---
id: task-33
title: Add import and integration smoke tests
status: Open
assignee: []
created_date: '2025-12-04'
updated_date: '2025-12-04'
labels:
- testing
- reliability
- high
dependencies: []
priority: high
---
## Description
<!-- SECTION:DESCRIPTION:BEGIN -->
A missing dependency (`pymupdf4llm`) caused production failures despite 243 passing tests. The root cause: our test suite exercises the wrong code paths.
### Root Cause Analysis
**pytest.ini line 28 excludes critical tests by default:**
```
-m "not expensive and not integration and not accuracy and not marker"
```
When developers run `pytest`, they see all tests pass but the following critical paths are NEVER exercised:
1. **fast_extractor.py** - Zero test imports. This is the module that failed.

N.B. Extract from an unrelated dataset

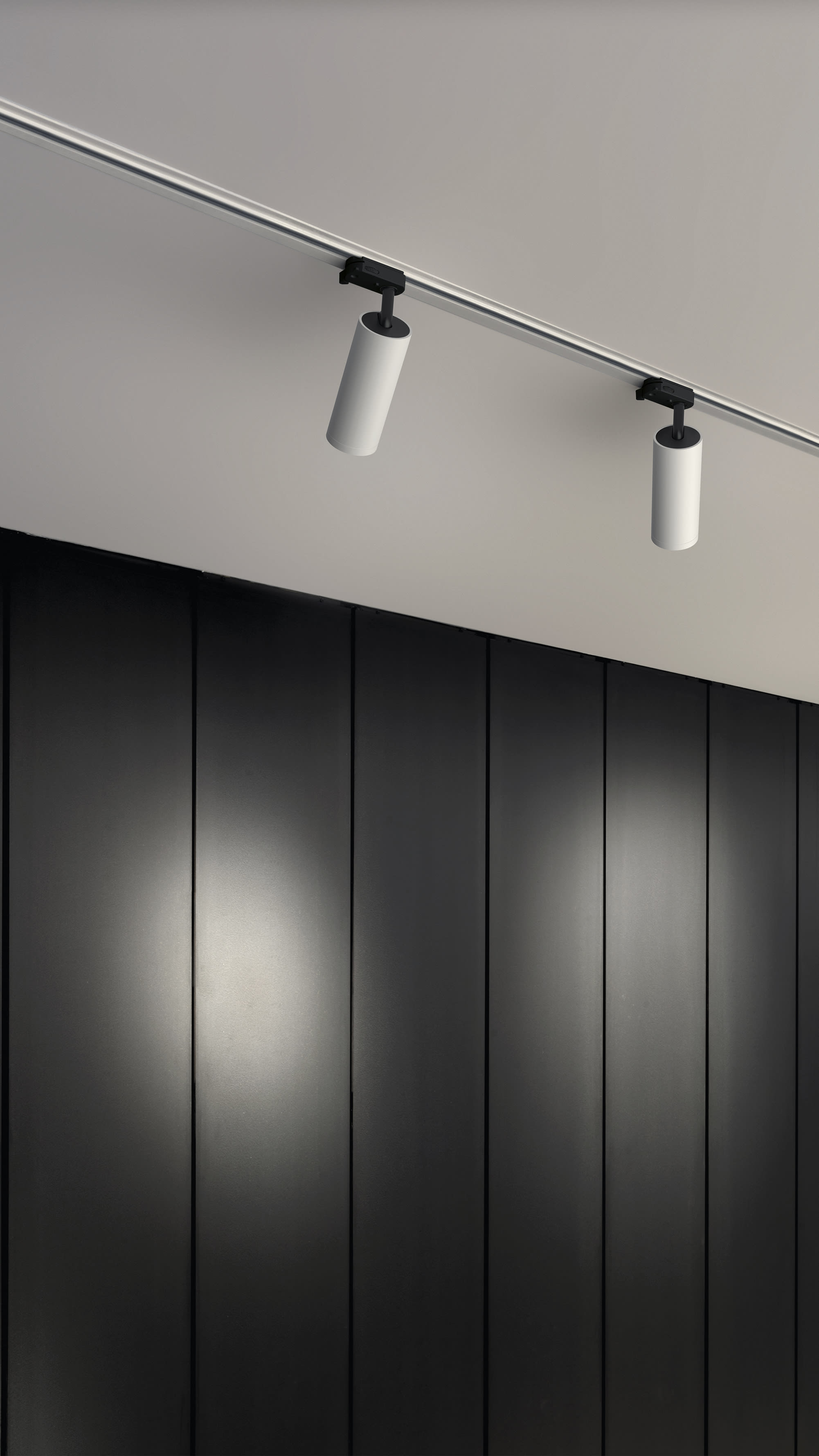 Géométrie cylindrique et de formes essentielles. Minimalisme esthétique et fonctionnalité. Projecteur pour applications de rails triphasées.
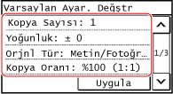 Kopyalama işlevini kullanırken ilgili ayarı kayıtlı Favori Ayarlar'dan amacınıza göre çağırın.

2. **services/document_processor.py** - Zero test imports. Orchestrates all processing.
3. **services/background_jobs.py** - Zero test imports. Manages async tasks.
4. **8 tools/*.py files** - Minimal coverage. MCP tool implementations.
5. **9 prompts/*.py files** - Zero test imports. LLM templates.
### The Lazy Import Problem
Five locations use `try: import X except ImportError` patterns that defer failures to runtime:
- `fast_extractor.py:60` - pymupdf4llm (THE BUG)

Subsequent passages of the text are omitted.